I think resetting pareto front for different dataset is necessary beacuse the score across datasets should be different. I added some codes into the demo for resetting pareto front:

# remove fitness values in previous runs
for ind in tpot._pop:
    del ind.fitness.values

# reset pareto front
tpot._last_optimized_pareto_front = None
tpot._last_optimized_pareto_front_n_gens = 0
tpot._pareto_front = None

# refit tpot to another dataset
tpot.fit(X_test, y_test)
DreHar commented 5 years ago

It looks like the above demo won't clear out the hallofame which looks to be a deap object; so when I do the refit I can get stuck on the pipeline that had the best score on any of the past data sets used. For example, if you take the above demo and swap the train and test set around (because you can get a better CV score on the test than train, I also simplified the param set so it was a bit simpler to see whats going on, and made the generations excessive).
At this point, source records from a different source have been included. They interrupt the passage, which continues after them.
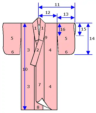 Kimono können wie folgt aus einer Stoffbahn geschnitten werden (es gibt mehrere Schnittvarianten, je nach Kimono):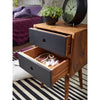 Rootz Bedside table is a solid wooden bedside table with lots of storage space.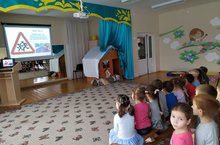 Для ребят старшей и подготовительной групп детского сада провели просмотр тематических мультфильмов, в рамках мероприятий, приуроченных Всемирному Дню памяти жертв ДТП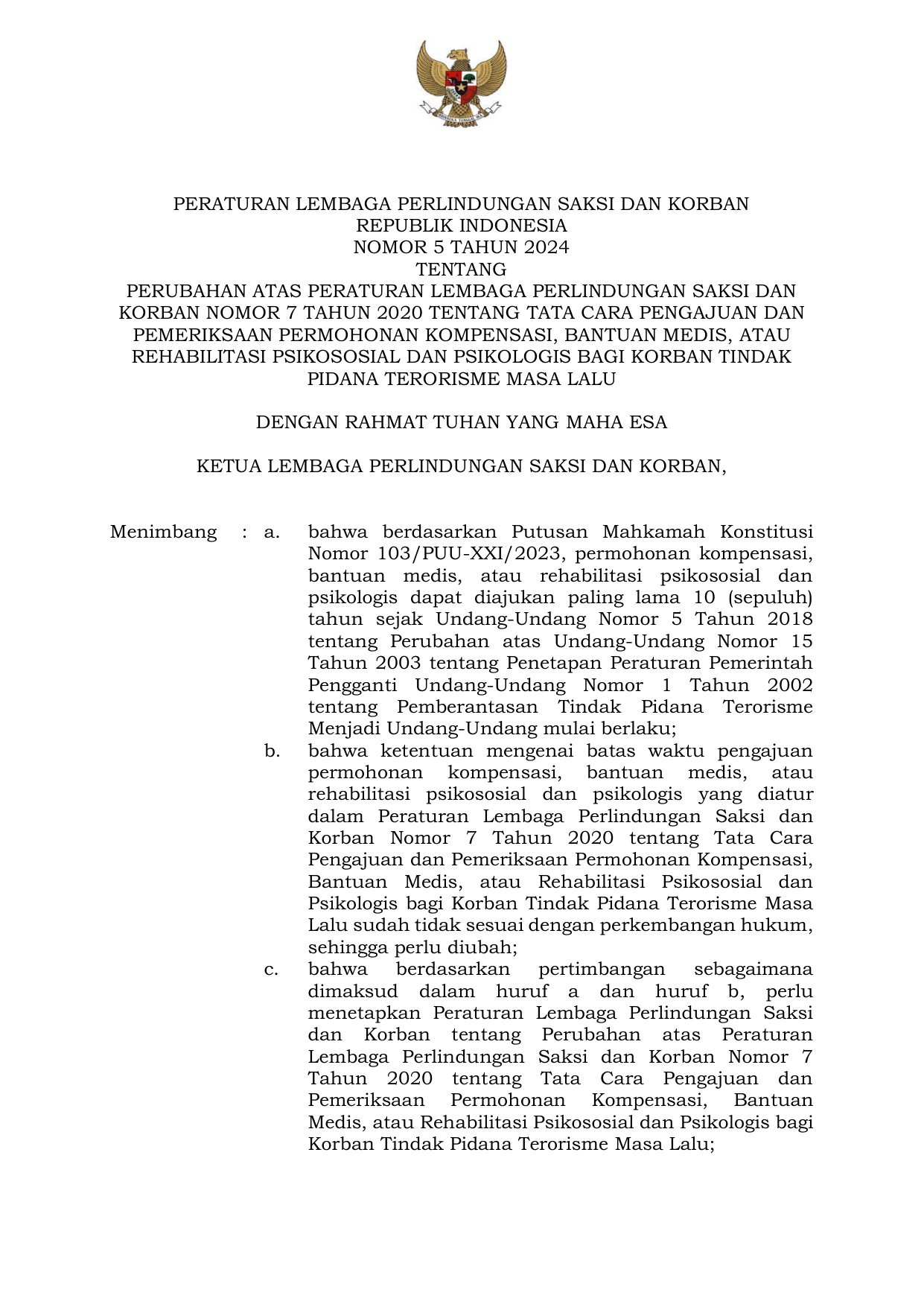 PERBAN Nomor 5 Tahun 2024 | Peraturan Badan Nomor 5 Tahun 2024 tentang Perubahan atas Peraturan Lembaga Perlindungan Saksi dan Korban Nomor 7 Tahun 2020 tentang Tata Cara Pengajuan dan Pemeriksaan Permohonan Kompensasi, Bantuan Medis, atau Rehabilitasi Psikososial dan Psikologis Bagi Korban Tindak Pidana Terorisme Masa Lalu
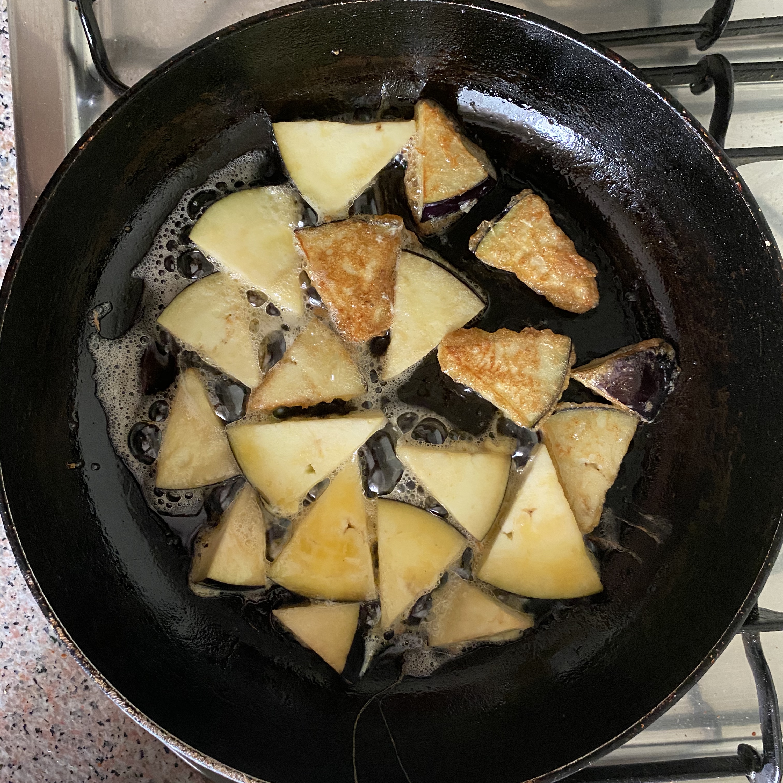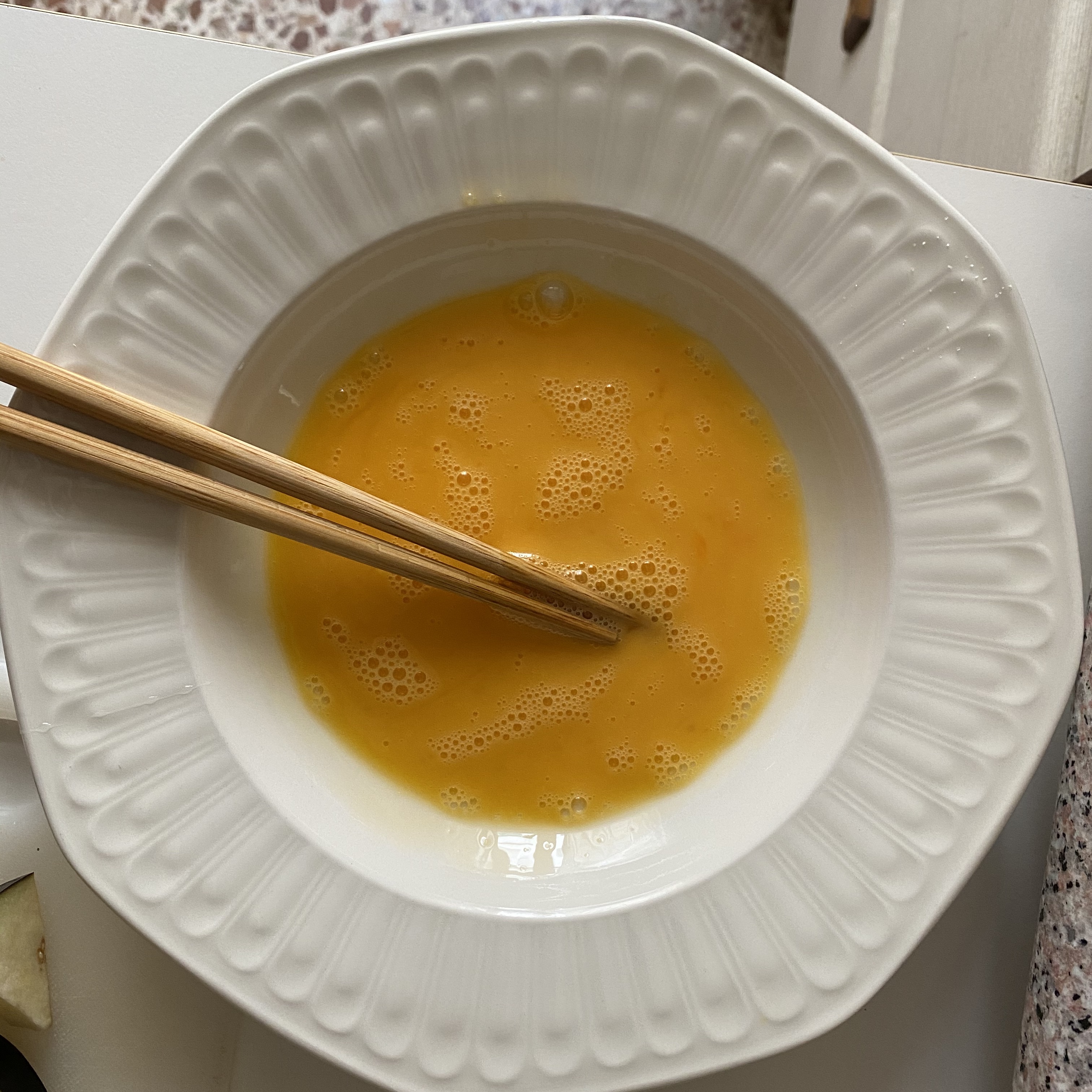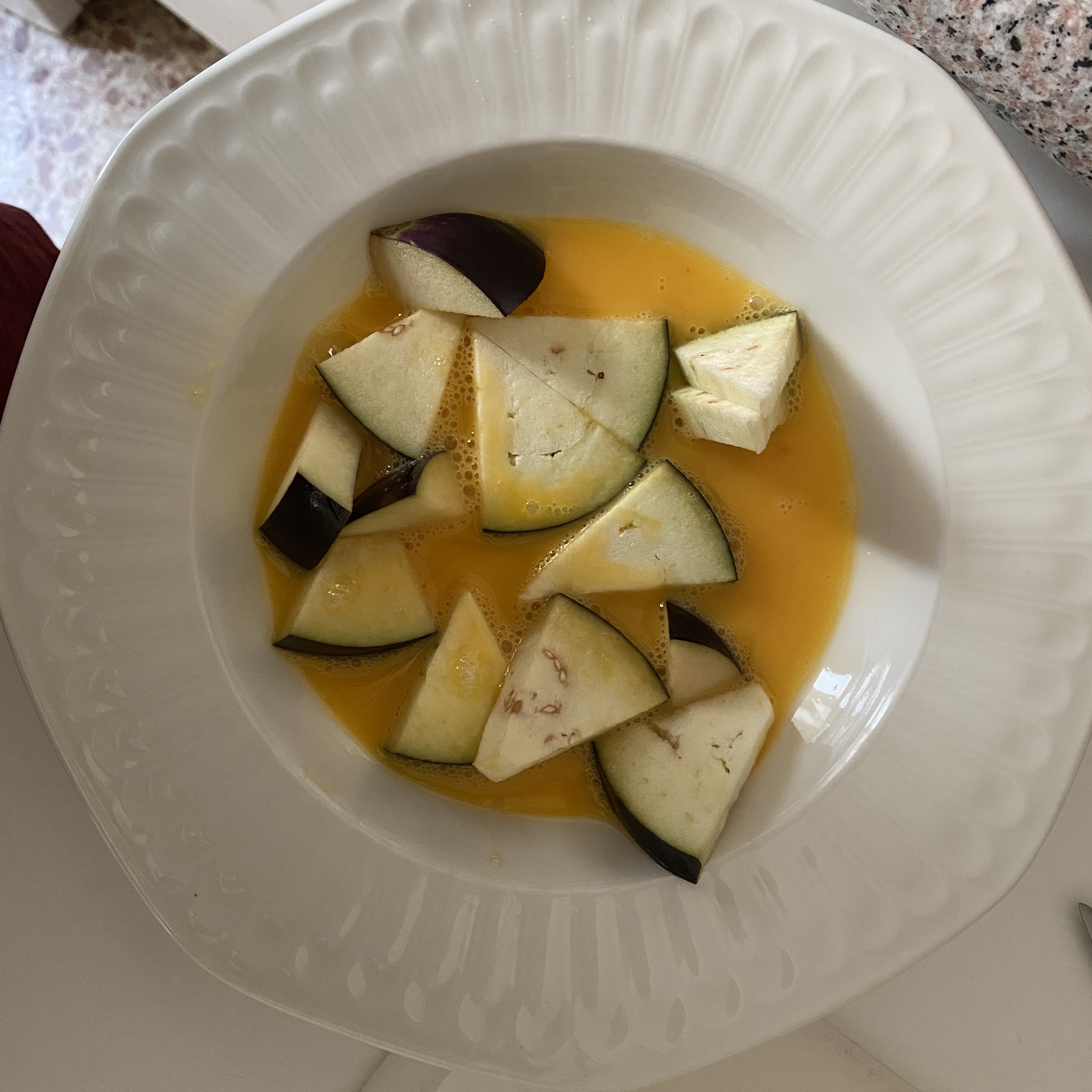 그리고 드디어 점심 시간이 되었다. 점심은 남아 있는 가지로 뭘 할까 하다가, 튀김은 아니고, 가지전? 같은 걸 만들었다. 그냥 가지 잘라서, 계란물 입혀서 튀겨줬다. 이런 게 있는 지는 모르겠지만, ㅋㅋㅋ 실험해보았다. 계란물에 소금도 조금 넣어줘야 한다.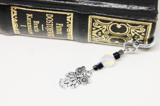 Elegancka zakładka do książki z zawieszką w kształcie sowy z dodatkiem hematytu i opalitu.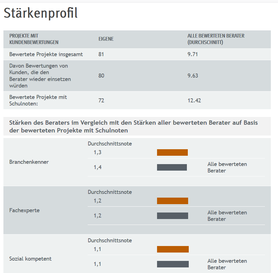 81 bewertete Beratungsprojekte von Daria Freitag gaben Kunden, die einen Berater gesucht haben einen Überblick über die Kundenmeinungen zu von ihr durchgeführten Beratungen. Hier ein paar screenshots vom Dezember 2019.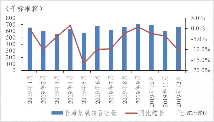 圖9 2019年長灘港集裝箱吞吐量及增速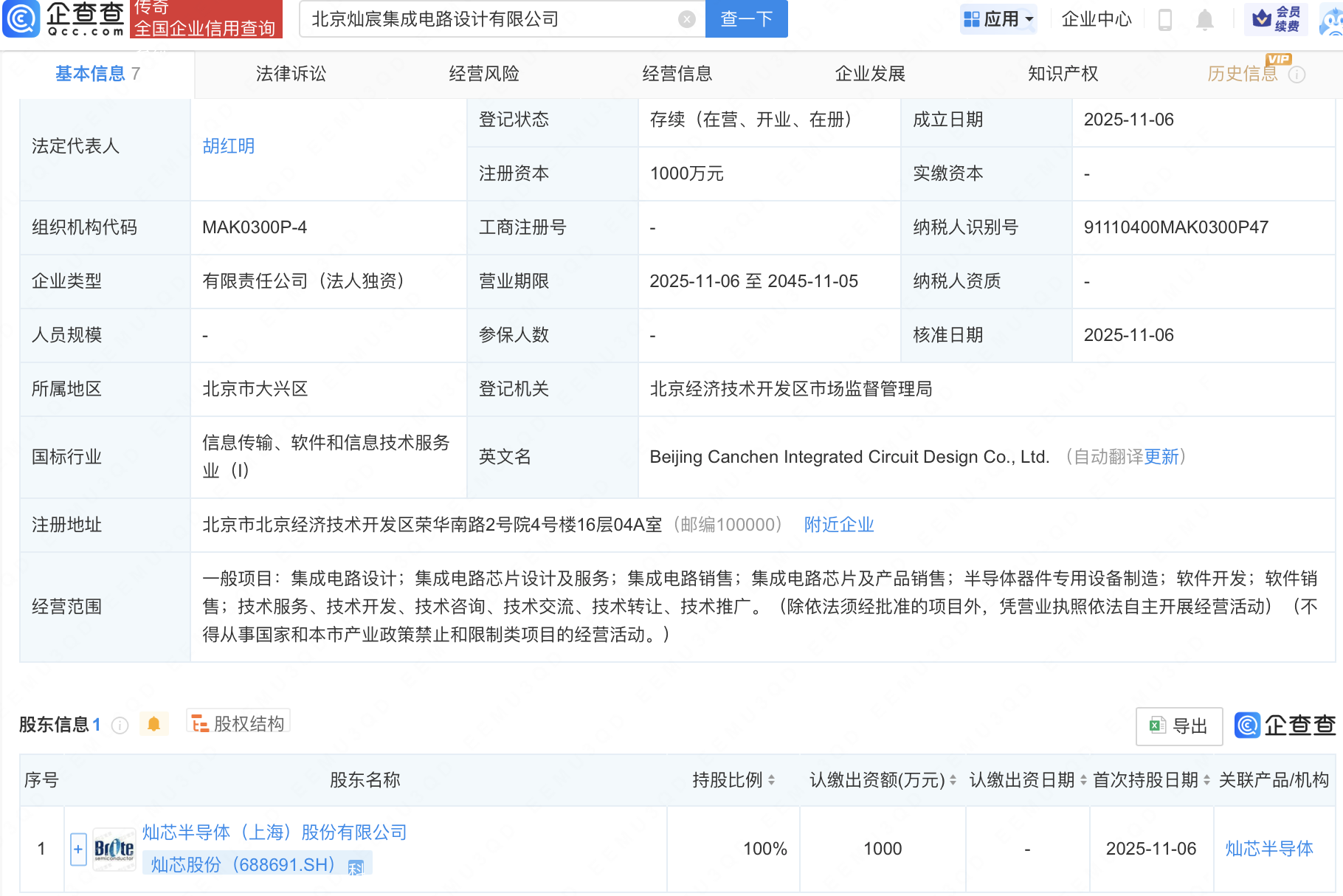 企查查APP显示,近日,北京灿宸集成电路设计有限公司成立,注册资本1000万元,经营范围包含:集成电路设计;集成电路芯片设计及服务;集成电路销售;集成电路芯片及产品销售等。企查查股权穿透显示,该公司由灿芯股份(688691)全资持股。

from tpot import TPOTClassifier
from sklearn.datasets import load_digits
from sklearn.model_selection import train_test_split

digits = load_digits()
X_train, X_test, y_train, y_test = train_test_split(
                        digits.data,
                        digits.target,
                        train_size=0.5,
                        test_size=0.5,
                        random_state=42
                        )

params = {
'sklearn.tree.DecisionTreeClassifier': {
            'criterion': ["gini"],
            'max_depth': range(1, 10),
            'min_samples_split': range(2, 10),
            'min_samples_leaf': range(1, 10)
        }
}

tpot = TPOTClassifier(
                generations=3,
                population_size=1000,
                verbosity=2,
                random_state=42,
                warm_start=True,
                config_dict=params
                )

tpot.fit(X_test, y_test)

for ind in tpot._pop:
    del ind.fitness.values

tpot.fit(X_train, y_train)
DreHar commented 5 years ago

Fantastic! Thank you so much. That fixes my above comment as well. If I understand correctly, because the pareto_front for tpot will be the halloffame.

weixuanfu commented 5 years ago

Yes, pareto_front is the halloffame.